== Source material ==

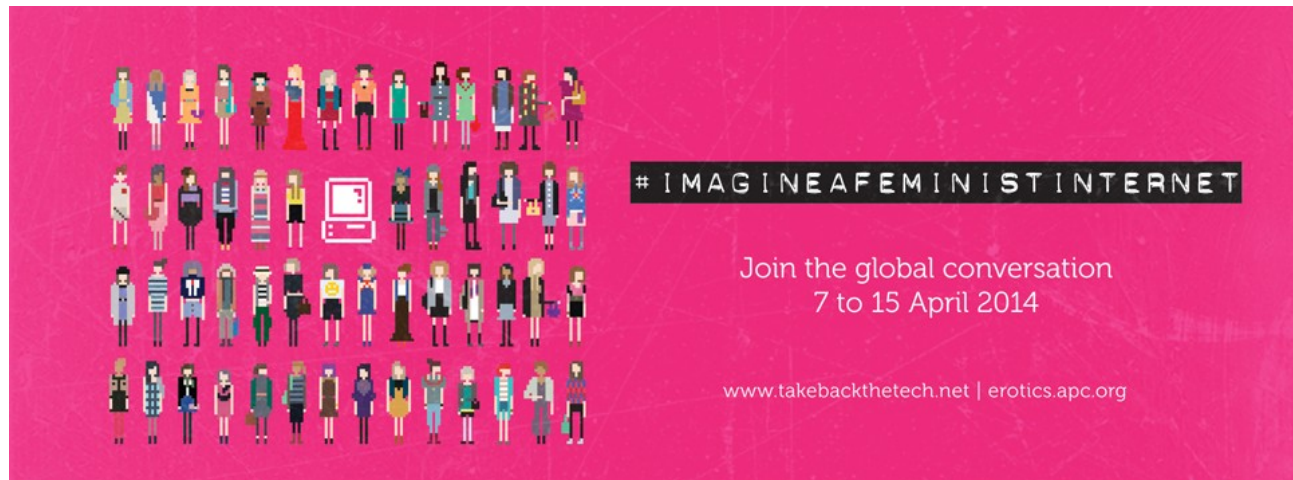
Figure 3: Imagine a Feminist Internet by APC Women Program

violence. Those creative solutions also depends of careful planning for creating partnerships, synergies and networking among organisations that have been for working on gender based online violence, how to research, document and overcome it. Accordingly, this project is also informed by the advocacy of groups like APC and others, who are working to reframe internet rights as human rights.
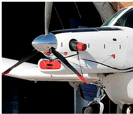
750XL Engine Inlet Plugs & Prop Tie/Exhaust Covers
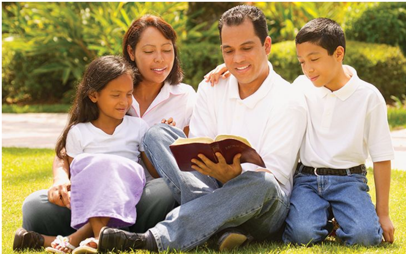
With Christ in your hearts and home, marriage will be successful.
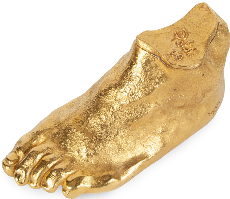
Pelé's personally commissioned 18 karat gold plated bronze foot

on Time's 100 list of most important people of the 20th century, was one of two joint winners of the FIFA Player of the Century and voted World Player of the Century by the International Federation of Football History and Statistics (IFFHS), among many other accolades and honors. The attacking midfielder and forward, who scored a goal in nearly every match that he played, racked a career total of 1,279 goals in 1,363 games and a Guinness World Record for this feat and is the all-time leading goalscorer for Brazil with 77 goals in 92 games. He is also revered as a hero to millions around the world when he became the first Black global sporting star at the 1958 World Cup and for his activism to improve the social conditions of the poor in Brazil and around the world.
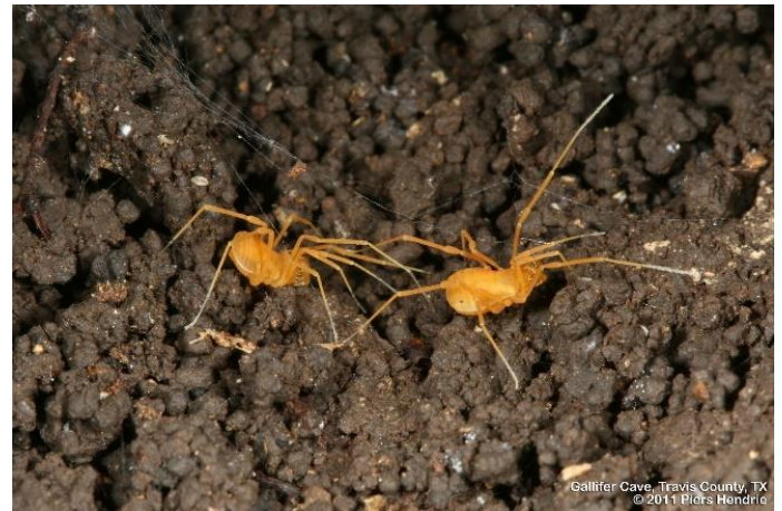
Gallifer Cave, Travis County, TX

The bone cave harvestman (“harvestman”) is a “tiny, pale, orange, eyeless . . . spider-like species that spends its entire life underground” and is endemic only to Travis County and Williamson County in Texas. 369 The U.S. Fish and Wildlife Service (FWS) listed the harvestman as endangered under the Endangered Species Act (ESA) 370 in 1993 because of its “limited population and fragile nature.” 371

== Problem to work on ==
Copy out each line of the entries that holds "Travis".

== Worked solution ==
Gallifer Cave, Travis County, TX
The bone cave harvestman (“harvestman”) is a “tiny, pale, orange, eyeless . . . spider-like species that spends its entire life underground” and is endemic only to Travis County and Williamson County in Texas. 369 The U.S. Fish and Wildlife Service (FWS) listed the harvestman as endangered under the Endangered Species Act (ESA) 370 in 1993 because of its “limited population and fragile nature.” 371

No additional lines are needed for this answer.